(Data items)
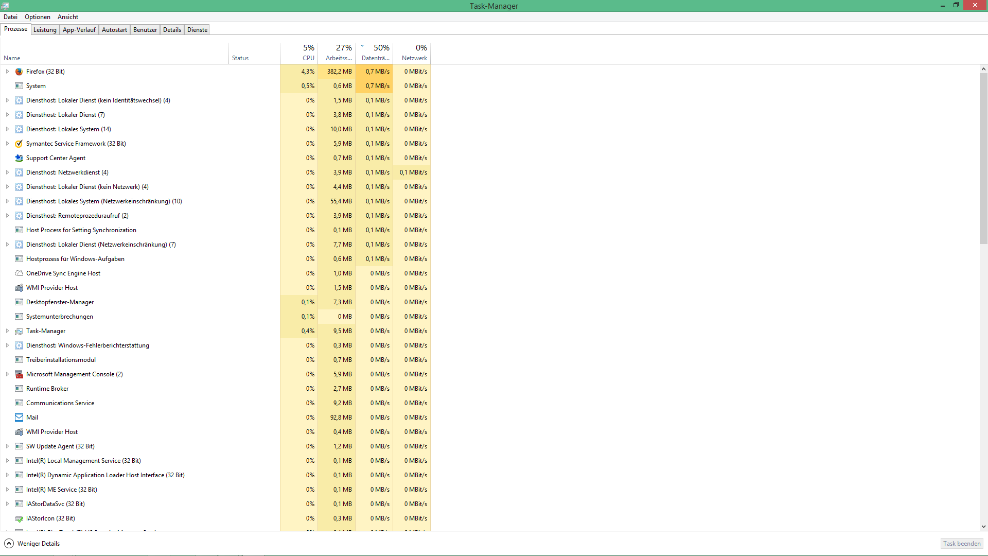 Parallele Zugriffe bremsen HDDs extrem aus, das ist normal und liegt daran, dass sich dann immer erst die Köpfe bewegen müssen. Ist die extene HDD entsprechend schnell, bleibt einfach keine Zeit für die Zugriffe die das System oder der Firefox machen möchten. Wie Du im Screenshot im letzten Post selbst siehst, gibt es gar nicht so wenige davon.
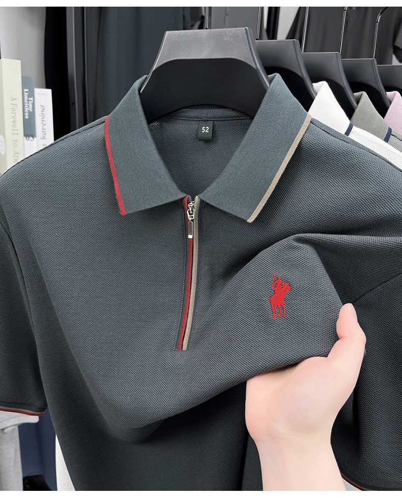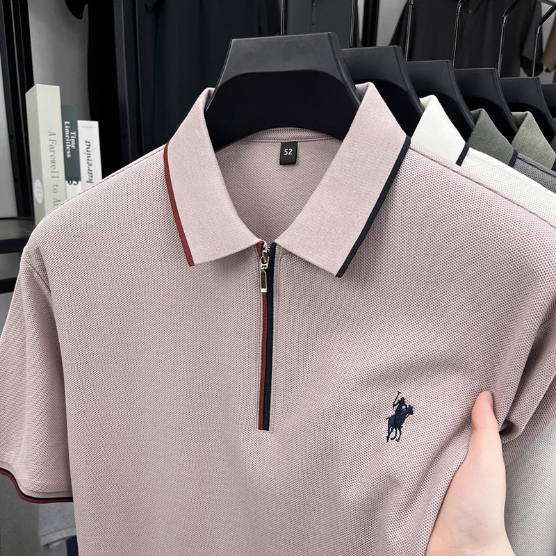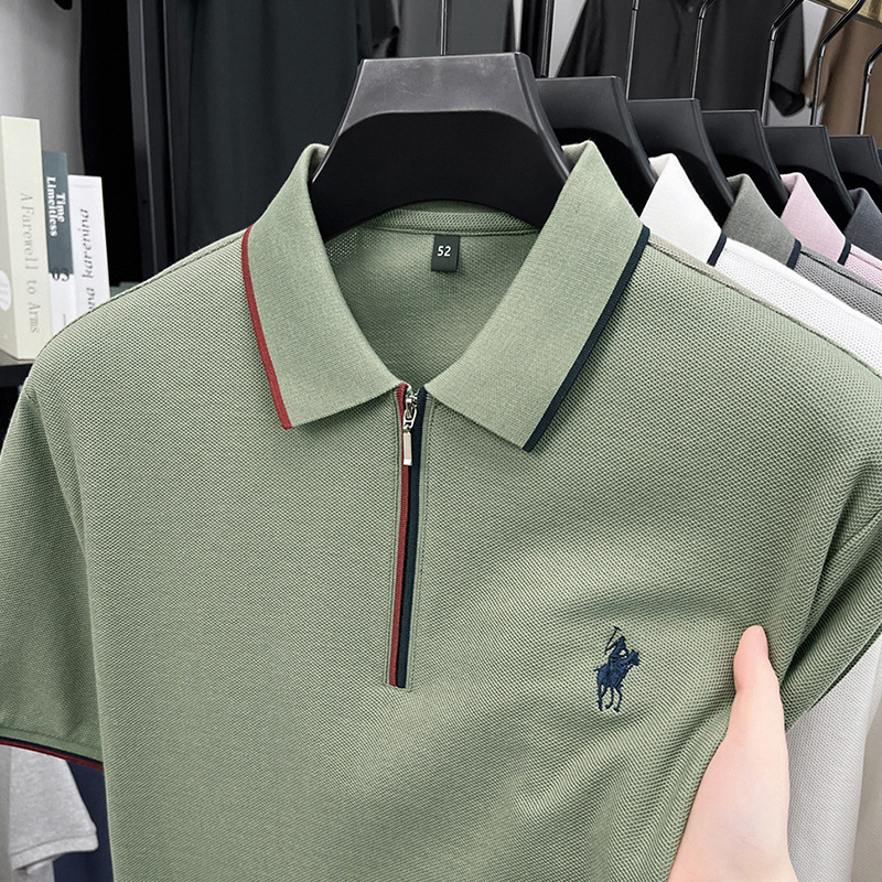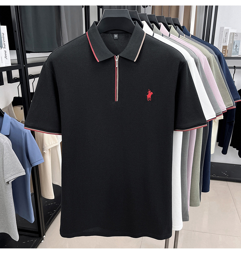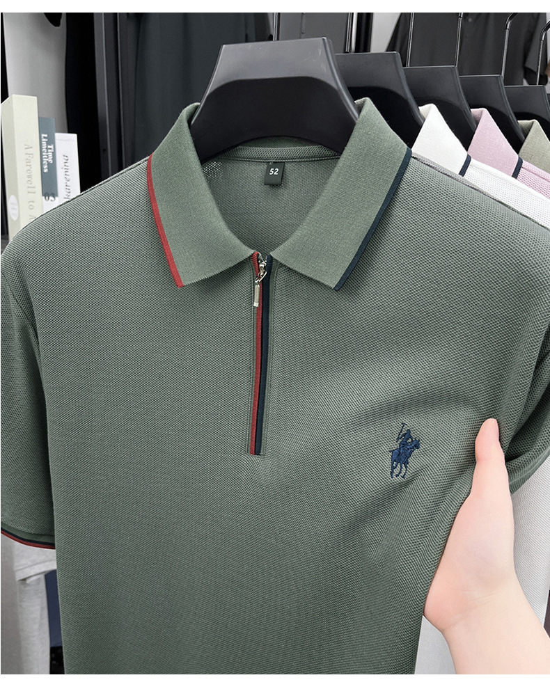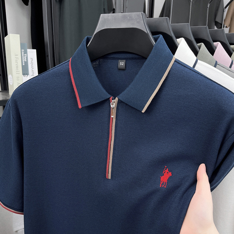 남자 여름 새 하프 Zip 패션 컬러 매칭 남성 폴로 짧은 소매 중년 및 젊은 고급 한국 캐주얼 T
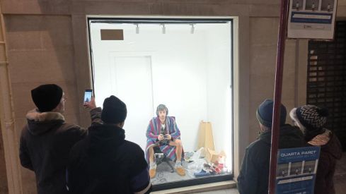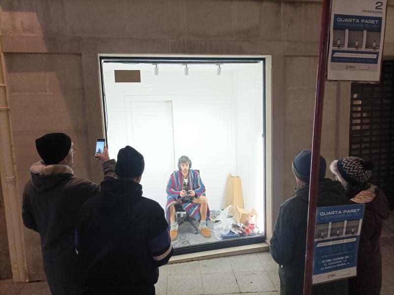Creació artística, reflexió social i comerç s’han donat la mà avui a Tàrrega gràcies a una nova acció de dinamització impulsada des de la Regidoria de Promoció Econòmica. Durant la tarda, tres aparadors buits del cTTentre han acollit “performances” a càrrec de CRUMA, escola de teatre creada a la capital de l'Urgell per la companyia Emília Gargot. Amb el títol de “Quarta paret. Aparadors en viu”, s’han omplert de vida locals comercials ara en desús situats als carrers del Carme, Agoders i Santa Maria. Així, les persones que passejaven i realitzaven les seves compres han gaudit encuriosides de les tres accions escèniques de CRUMA, les quals tenien com a eix temàtic l’aïllament social.
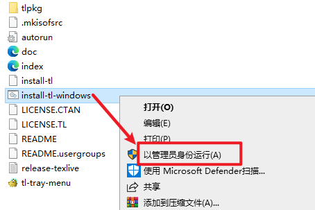 3.在打开的文件夹,找到并选中“install-tl-windows.bat”,右键选择“以管理员身份运行”
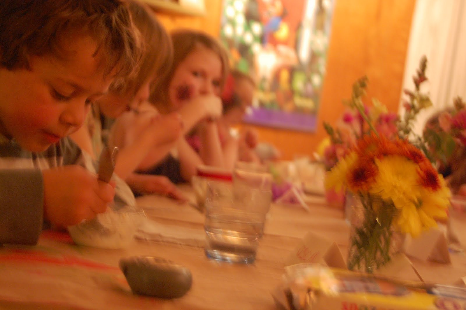 This is how it worked. Rosie, Sadie and my sister Maia all got to invite a few friends. I cook dinner. Fancy like the grownups do it. Simple, right?
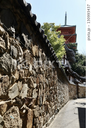 小豆島西光寺誓願の塔と石積みの塀
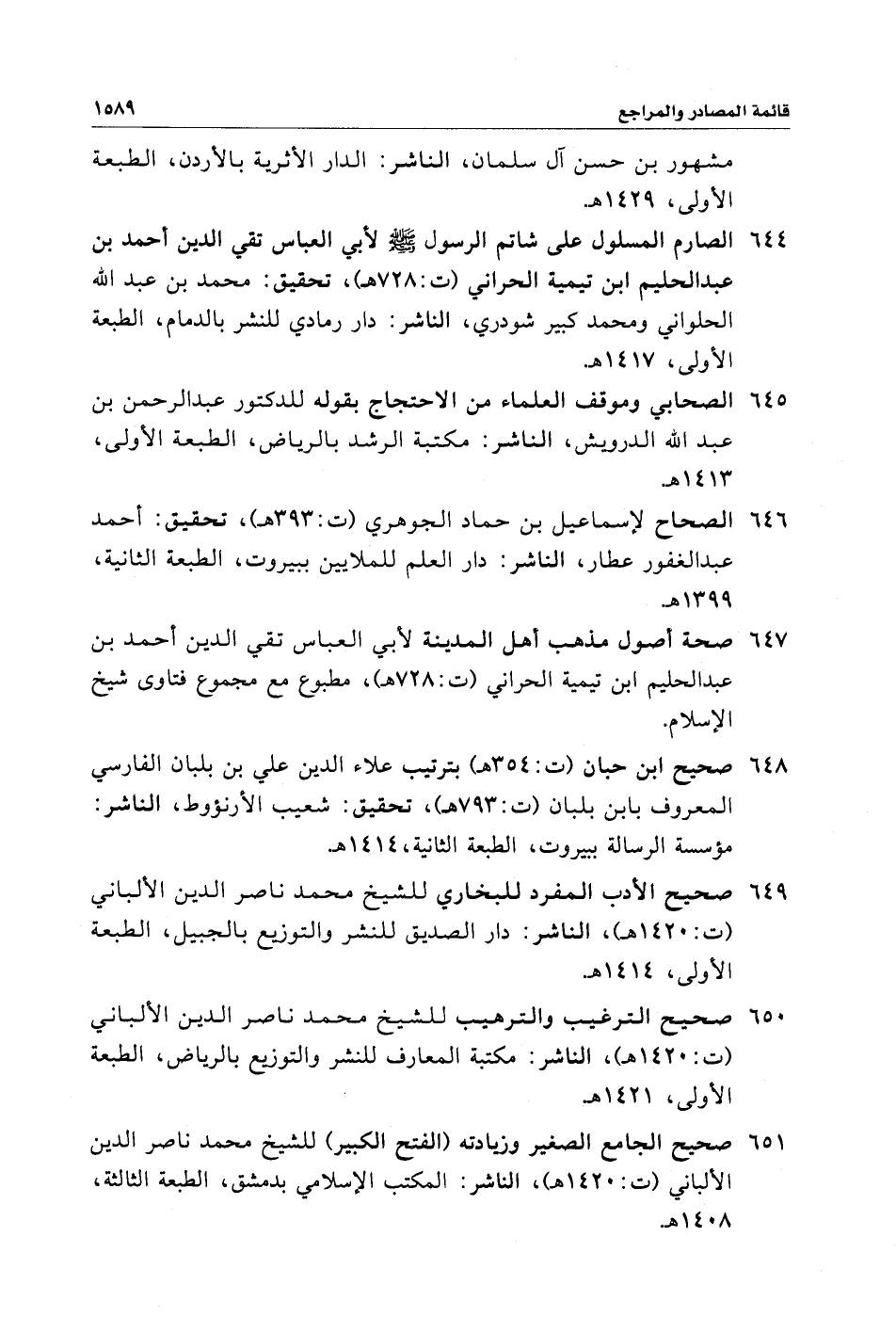 مشهور بن حسن آل سلمان، الناشر: الدار الأثرية بالأردن، الطبعة الأولى، ١٤٢٩ هـ.
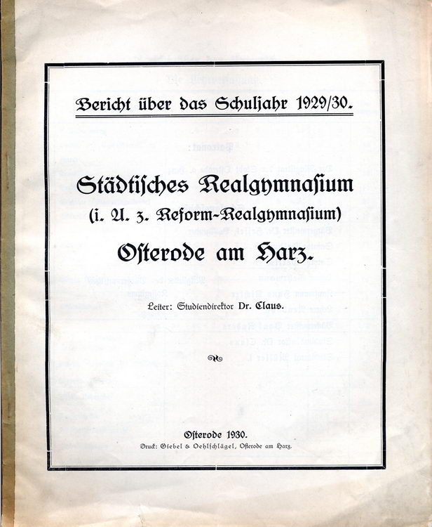 - Claus, Dr.: Städtisches Realgymnasium (i.A.z. Reform-Realgymnasium) Osterode am Harz (Bericht über das Schuljahr 1929/30); Osterode: Giebel & Oehlschlägel; 1930; 27 S.
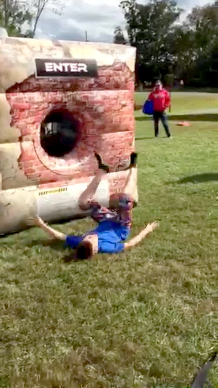A boy runs and tries to jump into a bouncy castle outdoors but does not fit into the opening and falls backwards. Featured talent cleared (the boy who misses the hole).
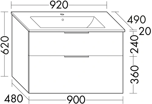 burgbad Eqio Slim Keramik-Waschtisch inklusive Waschtischunterschrank, 920x490x620mm

[Problem statement]: Reproduce each entry precisely. Leave the pictures out.

[Problem solution]:
 Parallele Zugriffe bremsen HDDs extrem aus, das ist normal und liegt daran, dass sich dann immer erst die Köpfe bewegen müssen. Ist die extene HDD entsprechend schnell, bleibt einfach keine Zeit für die Zugriffe die das System oder der Firefox machen möchten. Wie Du im Screenshot im letzten Post selbst siehst, gibt es gar nicht so wenige davon.
 남자 여름 새 하프 Zip 패션 컬러 매칭 남성 폴로 짧은 소매 중년 및 젊은 고급 한국 캐주얼 T
Creació artística, reflexió social i comerç s’han donat la mà avui a Tàrrega gràcies a una nova acció de dinamització impulsada des de la Regidoria de Promoció Econòmica. Durant la tarda, tres aparadors buits del cTTentre han acollit “performances” a càrrec de CRUMA, escola de teatre creada a la capital de l'Urgell per la companyia Emília Gargot. Amb el títol de “Quarta paret. Aparadors en viu”, s’han omplert de vida locals comercials ara en desús situats als carrers del Carme, Agoders i Santa Maria. Així, les persones que passejaven i realitzaven les seves compres han gaudit encuriosides de les tres accions escèniques de CRUMA, les quals tenien com a eix temàtic l’aïllament social.
 3.在打开的文件夹,找到并选中“install-tl-windows.bat”,右键选择“以管理员身份运行”
 This is how it worked. Rosie, Sadie and my sister Maia all got to invite a few friends. I cook dinner. Fancy like the grownups do it. Simple, right?
 小豆島西光寺誓願の塔と石積みの塀
 مشهور بن حسن آل سلمان، الناشر: الدار الأثرية بالأردن، الطبعة الأولى، ١٤٢٩ هـ.
 - Claus, Dr.: Städtisches Realgymnasium (i.A.z. Reform-Realgymnasium) Osterode am Harz (Bericht über das Schuljahr 1929/30); Osterode: Giebel & Oehlschlägel; 1930; 27 S.
A boy runs and tries to jump into a bouncy castle outdoors but does not fit into the opening and falls backwards. Featured talent cleared (the boy who misses the hole).
 burgbad Eqio Slim Keramik-Waschtisch inklusive Waschtischunterschrank, 920x490x620mm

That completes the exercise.